Mumbai, May 10 (IANS) The already tense situation between the US and China which has roiled the global financial markets and has pulled down global growth, may worsen from here on as the risk of a complete fall-out in the two countries’ trade talks has increased, Moody’s said on Friday.
The US on Friday more than doubled tariffs on $200 billion worth of Chinese products from 10 per cent to 25 per cent, in a sharp escalation of the trade tensions to which China has said that it would respond with necessary countermeasures.
“While we believe that a trade deal will eventually be reached between the US and China, the risk of a complete breakdown in trade talks has certainly increased,” Moody’s said.
On the immediate impact on the export sector, Moody’s said that in the rest of Asia’s export-dependent economies, a slowdown in China will dampen the growth rates.
The tariffs exacerbate the uncertainty in the global trading environment. It further raises tensions between the US and China, negatively affects global sentiment and adds to risk aversion globally, Moody’s said.
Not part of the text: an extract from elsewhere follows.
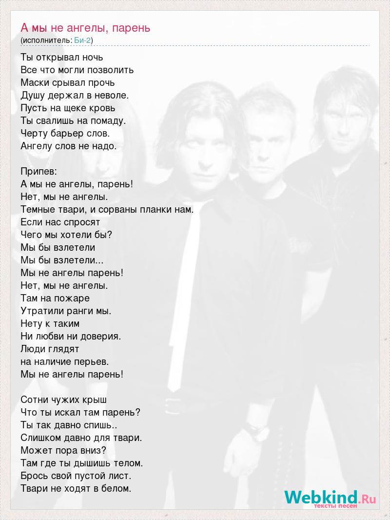 Ты открывал ночь Все что могли позволить Маски срывал прочь Душу держал в неволе. Пусть на щеке кровь Ты свалишь на помаду. Черту барьер слов. Ангелу слов не надо. Припев: А мы не ангелы, парень! Нет, мы не ангелы. Темные твари, и сорваны планки нам. Если нас спросят Чего мы хотели бы? Мы бы взлетели Мы бы взлетели... Мы не ангелы парень! Нет, мы не ангелы. Там на пожаре Утратили ранги мы. Нету к таким Ни любви ни доверия. Люди глядят на наличие перьев. Мы не ангелы парень! Сотни чужих крыш Что ты искал там парень? Ты так давно спишь.. Слишком давно для твари. Может пора вниз? Там где ты дышишь телом. Брось свой пустой лист. Твари не ходят в белом.

“The higher tariffs could also lead globally to the re-pricing of risk assets, tighter financing conditions, and slower growth,” it added.
In addition, the trade tensions could result in an increasingly fragmented global trading framework, weakening the rules-based system that has underpinned global growth, particularly in Asia, over the past several decades.
For China in particular, the higher tariffs will have a significant negative effect on exports, against the backdrop of a slowing economy.
Further policy easing will mitigate only some of the impact and increased uncertainty and weaker business sentiment will hinder private investment decisions.
The Chinese advanced technology sector will also likely be adversely affected, as the US intensifies restrictions on that sector.